From the July 1983 issue of the Socialist Standard
Deviance is a subject which has generated considerable interest among social investigators concerned with maintaining the status quo, as evidenced by the stream of books on minority groups like punks and Rastas. Yet there is one group of people — identified by their unvarying attitude to the problems that confront society — which has escaped investigation by our sociologists. Their integration into society has been so complete that any analysis would mean a critical self-examination of roles, class and status which would place many an investigator in a corner.
The group can be identified by the similarity of their statements on factory closures, the bomb and the nasty things Thatcher has done to disrupt their once-peaceful complacency. Invariably, they react to such disturbances by placing the blame for social problems on individuals rather than on the way society is organised. In the meantime they constantly dream of an "if only land", the place where everything is rosy and the threat of the dole queue only puts in an appearance when the individual can join it from choice — for an extended "holiday" from the monotony of repetitive work.
Sometimes their social conscience goes a bit deeper and they surprise themselves with statement like "if only we did not have the starving millions to contend with". Other times they over-extend themselves by popping the question "if only we did not have politicians".

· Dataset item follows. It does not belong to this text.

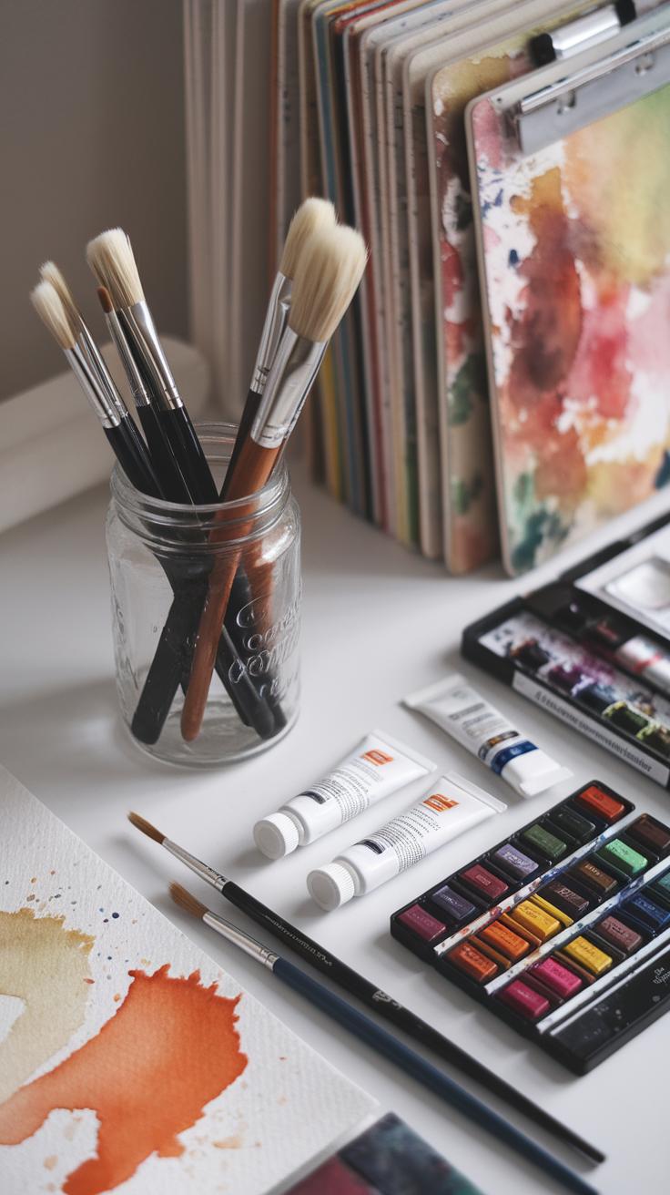 Choosing the right tools can change how your gouache paintings turn out. The brushes you use affect the texture and detail of your abstract mixed media work. You can use round brushes of various sizes for controlled lines or flat brushes to cover larger areas quickly. Synthetic brushes usually hold their shape longer when working with thick gouache. For creative effects, try sponges to dab paint or palette knives to scrape and layer colors in unexpected ways.
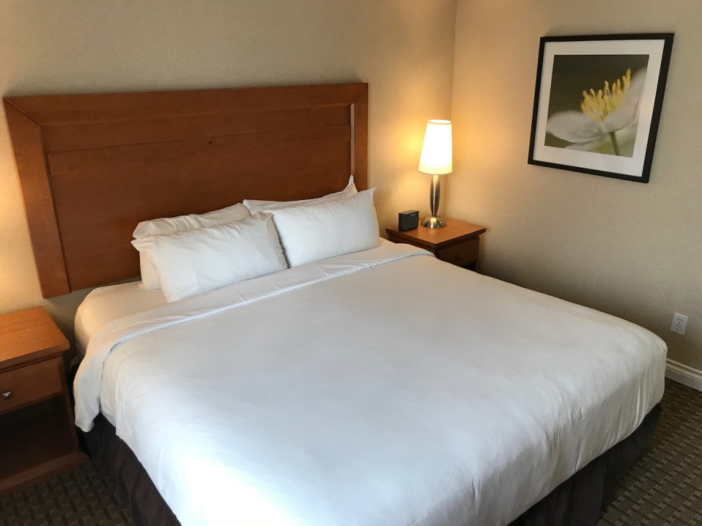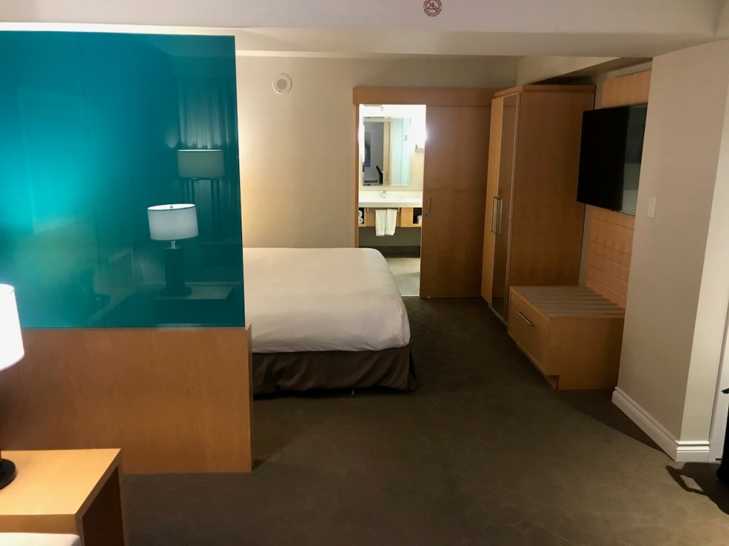 The Grand Okanagan 1 Bedroom Condominium featured a private bedroom. It was a little on the smaller size, as can be expected for a hotel condominium room. Other than sleeping, we didn’t spend much time in here; favouring the living space which was more than comfortable and larger in size.

Every inhabitant of "if only land" constantly searches for the permutation that will enable him or her continually to win the Sun bingo. Then they can take up permanent residence in never-never land surrounded by status symbols. The status symbols of wage slaves, however, can become unwelcome embarrassments when the capitalists are no longer willing to buy our labour power. Once this happens the "if only" brigade plead to their bank manager "if only I was not on the dole I would continue paying off my overdraft". However, of the entire group of if onlys, the most obnoxious are those who agree with the need for social change, but nevertheless see no possibility of the socialist revolution ever taking place "if only because the rest of the working class are incapable of gaining the necessary understanding". They are capable of obtaining a class consciousness, but the possibility of any other worker doing so is ruled out. Their refusal to understand the collective capabilities of the working class is to deny the individual's own capabilities of participating in the socialist revolution.
Like all grumblers the if onlys are passive resistors not active revolutionaries. What differentiates a socialist from the if onlys, buts and maybes is that we reject such pathetic indecisive-ness and the dismal assumption that the working class can never change the system that exploits them.